_THE INPUT_:
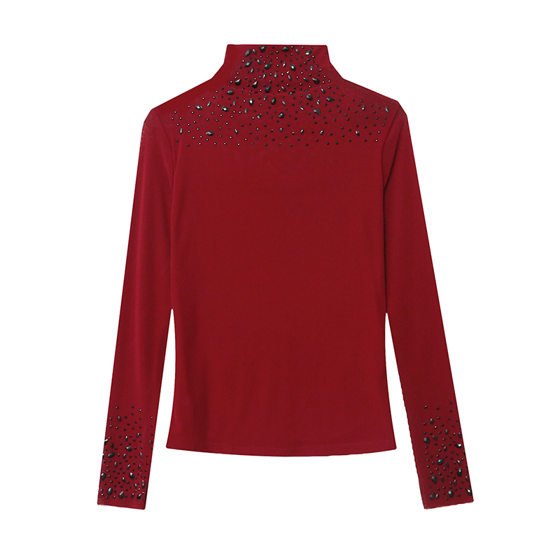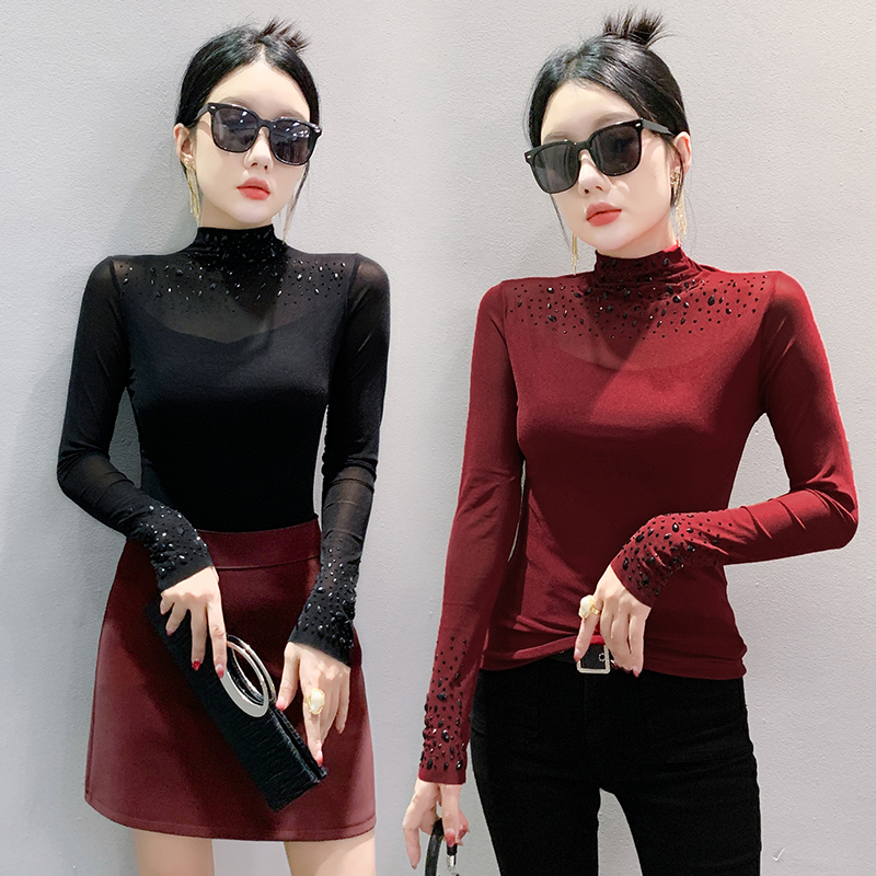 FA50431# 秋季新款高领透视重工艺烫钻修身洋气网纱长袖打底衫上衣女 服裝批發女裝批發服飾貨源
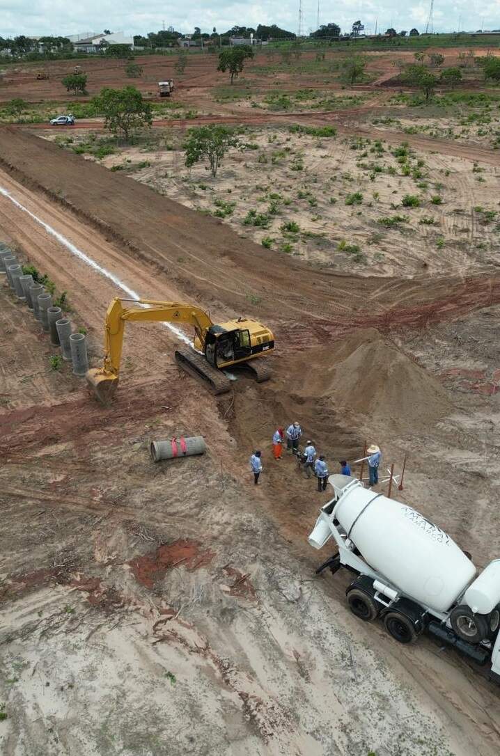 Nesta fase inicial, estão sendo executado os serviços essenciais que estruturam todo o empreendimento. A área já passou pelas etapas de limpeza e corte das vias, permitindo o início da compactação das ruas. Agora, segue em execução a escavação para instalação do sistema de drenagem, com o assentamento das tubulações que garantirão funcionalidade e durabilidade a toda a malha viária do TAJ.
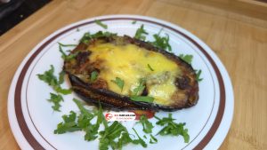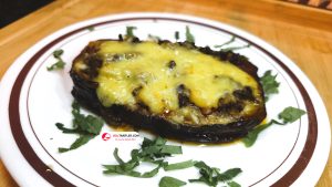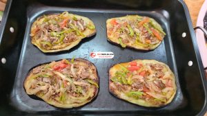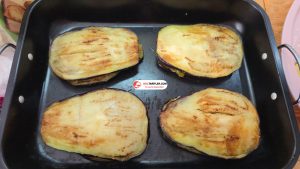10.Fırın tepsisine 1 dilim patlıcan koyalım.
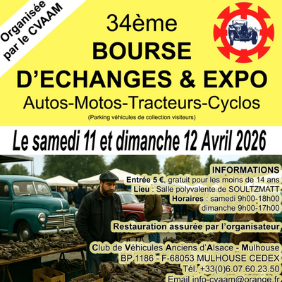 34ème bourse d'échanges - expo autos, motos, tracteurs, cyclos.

* * *

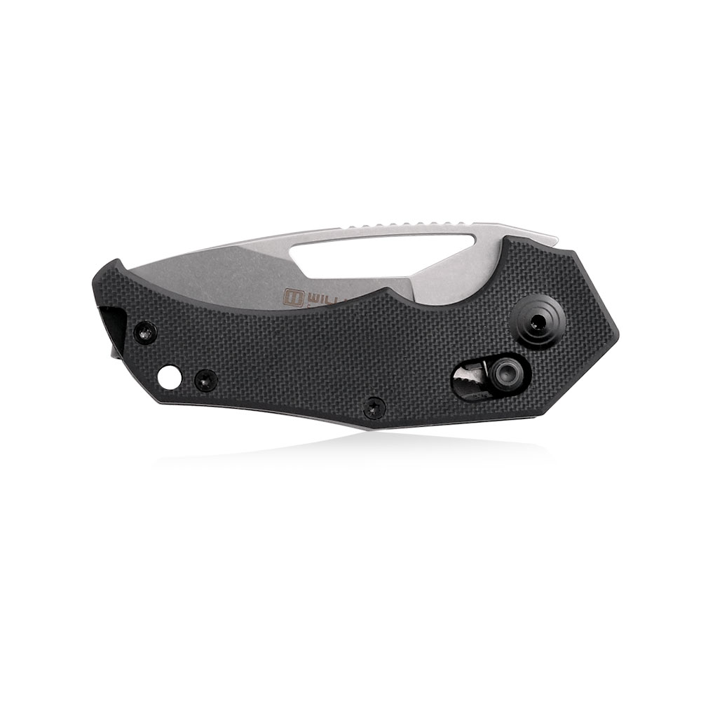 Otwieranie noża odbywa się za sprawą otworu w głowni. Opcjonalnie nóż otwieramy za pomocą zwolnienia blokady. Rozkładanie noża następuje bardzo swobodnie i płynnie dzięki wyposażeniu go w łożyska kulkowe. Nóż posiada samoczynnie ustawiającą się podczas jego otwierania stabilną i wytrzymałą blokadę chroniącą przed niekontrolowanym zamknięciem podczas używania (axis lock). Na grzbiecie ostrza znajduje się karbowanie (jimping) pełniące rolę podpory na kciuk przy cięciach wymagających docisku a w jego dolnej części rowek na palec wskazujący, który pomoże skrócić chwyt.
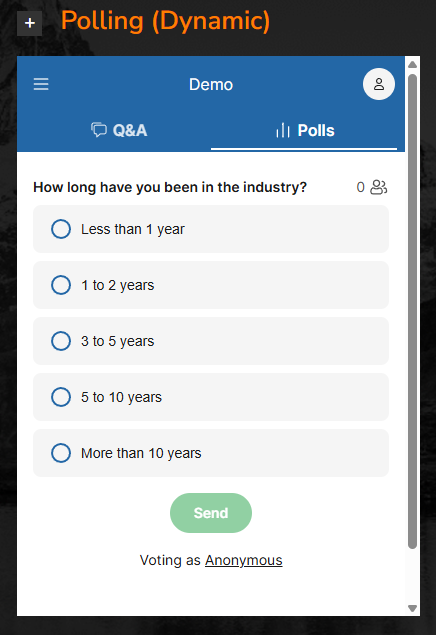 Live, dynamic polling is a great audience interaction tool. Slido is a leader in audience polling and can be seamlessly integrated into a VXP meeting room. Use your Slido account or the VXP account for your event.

_WHAT TO WORK ON_: Work from the entries above. Set down exactly and only the lines from the line with "Otwieranie noża odbywa" to the line with "Live, dynamic polling", both included, and leave the pictures out.

_THE ANSWER_:
 Otwieranie noża odbywa się za sprawą otworu w głowni. Opcjonalnie nóż otwieramy za pomocą zwolnienia blokady. Rozkładanie noża następuje bardzo swobodnie i płynnie dzięki wyposażeniu go w łożyska kulkowe. Nóż posiada samoczynnie ustawiającą się podczas jego otwierania stabilną i wytrzymałą blokadę chroniącą przed niekontrolowanym zamknięciem podczas używania (axis lock). Na grzbiecie ostrza znajduje się karbowanie (jimping) pełniące rolę podpory na kciuk przy cięciach wymagających docisku a w jego dolnej części rowek na palec wskazujący, który pomoże skrócić chwyt.
 Live, dynamic polling is a great audience interaction tool. Slido is a leader in audience polling and can be seamlessly integrated into a VXP meeting room. Use your Slido account or the VXP account for your event.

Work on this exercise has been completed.